And preferably without magic.
Damn. There goes my chance to elegantly self-plug. Oh well.
(In defense of
The Celestial Way, I've tried to make the magic within the story be a) believable, b) explainable via the scientific principle. It's based on years of actual real-world research into esoterics, spiritualism, and fine energies, extrapolated into fictional advanced usage. Oh, also, "scientific dragons".)
I don't know any without "magic" in it. Maybe you can try to read Dune books? Or even stargate series (don't know if there book for that)?

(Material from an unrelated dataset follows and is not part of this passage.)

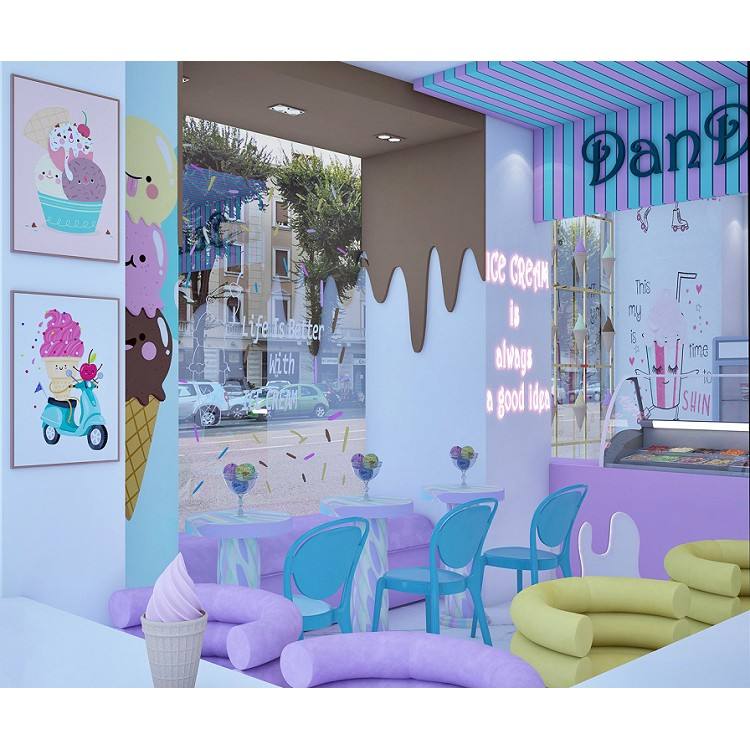 Modern Ice Cream Shop Interior Design Display Counter Yogurt Shop Soft Ice Cream Shop Design

For the love of... Okay, Dune is a
good book, but it's outdated as hell by now. It's like people constantly recommend LotR for fantasy reading, even though the genre has advanced
massively since Tolkien. Ditto for science fiction, whether hard or soft.
Pure sci-fi recommends:
The Golden Age by John C Wright, anything by Greg Egan (although his novels are more math/physics textbooks than stories), anything by Ian Banks,
Lord of Light by Roger Zelazny (plus
Creatures of Light and Darkness, its companion "fantasy" twin),
Blindsight by Peter Watts (it has scientific vampires),
Fallen Dragon by Peter Hamilton, and others that are on my TBR list but I won't recommend them since I haven't read them yet.
And finally,
Requiem for Homo Sapiens by David Zindell. Seriously, that series fucking
slaps. Like, an astroload. Sure, it has some spiritual moments (spoilers, Dune has those too), but it is just so fucking good.
Requiem should be considered "the new Dune" in my very unhumble opinion.